Applications for accession to Mercosur.
| Applicant | Submitted | Accession / failure rationale |
|---|---|---|
| Argentina | Founder | 26 March 1991 |
| Brazil | Founder | 26 March 1991 |
| Bolivia | Since 2024 | 1 July 2024 |
| Chile |  | Asociate |
| Colombia |  | Asociate |
| Guyana |  | Asociate |
| Paraguay | Founder | 26 March 1991 |
| Panama |  | Asociate |
| Peru |  | Asociate |
| Uruguay | Founder | 26 March 1991 |
| Suriname |  | Asociate |
| New Zealand |  | Observer |
| Mexico |  | Observer |
| Venezuela |  | Suspended |

== Timeline ==
- Pre-Mercosur
- On November 30, 1985, the presidents of Argentina and Brazil signed the Declaration of Foz do Iguaçu, the cornerstone of Mercosur. In 2004, Argentina and Brazil jointly decided that November 30 would be celebrated as the Argentine–Brazilian Friendship Day.
- On July 29, 1986, the Act for Argentine–Brazilian Integration was signed. Through this instrument, the Program for Integration and Cooperation between Argentina and Brazil (PICAB) was established, founded on the principles of gradualism, flexibility, symmetry, balance, preferential treatment toward third markets, progressive harmonization of policies, and business sector participation. The core of PICAB consisted of sectoral protocols in key sectors.
- On April 6, 1988, the Alvorada Act was signed, through which Uruguay joined the regional integration process.
- On November 29, 1988, the Treaty of Integration, Cooperation and Development was concluded. The treaty set a 10-year deadline for the gradual removal of asymmetries.
- On July 6, 1990, the Buenos Aires Act was signed, accelerating the integration schedule and setting December 31, 1994, as the date for establishing the common market.

- Foundation
- On March 26, 1991, Argentina, Brazil, Paraguay, and Uruguay signed the Treaty of Asunción, which adopts the name Mercosur, gives it a basic institutional structure, and establishes a free trade area.

- Expansions
- Chile formalized its association with Mercosur on June 25, 1996, during the 10th Mercosur Summit Meeting, in San Luis, Argentina, through the signing of the Mercosur–Chile Economic Complementation Agreement.
- Bolivia formalized its accession as an associate state at the 11th Mercosur Summit Meeting, in Fortaleza (Brazil), on December 17, 1996, through the signing of the Mercosur–Bolivia Economic Complementation Agreement.
- Peru formalized its association with Mercosur in 2003 by signing the Mercosur–Peru Economic Complementation Agreement (CMC No. 39/03).
- Colombia, Ecuador, and Venezuela formalized their association with Mercosur in 2004 through the signing of the Mercosur–Colombia, Ecuador, and Venezuela Economic Complementation Agreement (CMC No. 59/04).
- Venezuela signed the Protocol of Accession of Venezuela to Mercosur with the rest of the Mercosur members on July 4, 2006.
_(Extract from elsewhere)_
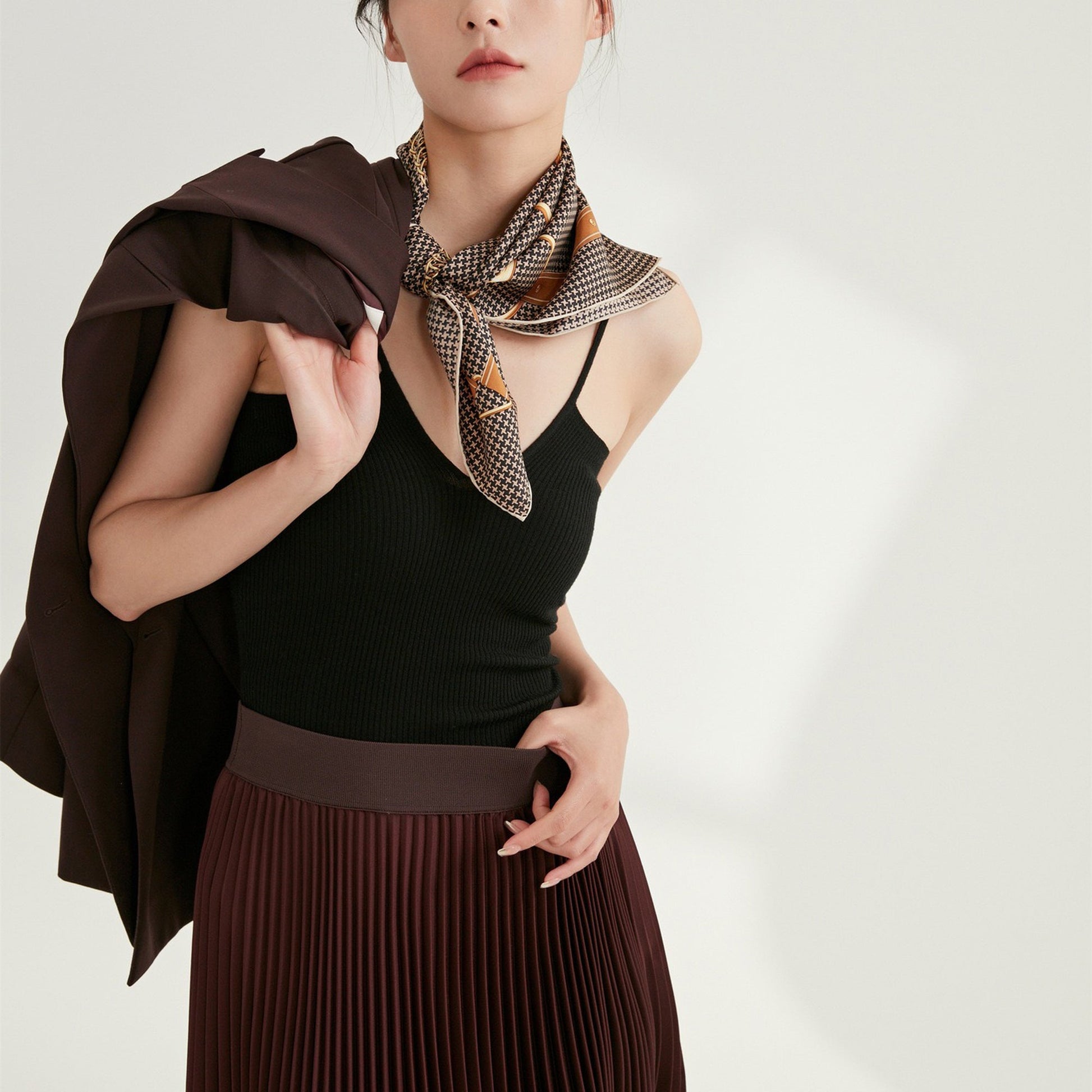 Classic Houndstooth Silk Scarf, Hand-Rolled Square Bandana, Black and Beige

After being ratified by the congresses of Argentina, Brazil and Uruguay, and lacking only the ratification of the Paraguay congress, Venezuela remained waiting to become a full member until June 28, 2012, when Paraguay was suspended for breaching the bloc’s democratic agreement. Venezuela’s full ratification as a full member was announced on June 29, 2012 by the president of the group, and this would be formally executed in Rio de Janeiro on July 31, 2012, making it the first enlargement of the bloc since its establishment in 1994. On August 15, 2013, Mercosur lifted the suspension of Paraguay; on December 18, 2013, the Paraguayan Parliament ratified Venezuela’s entry into the regional bloc.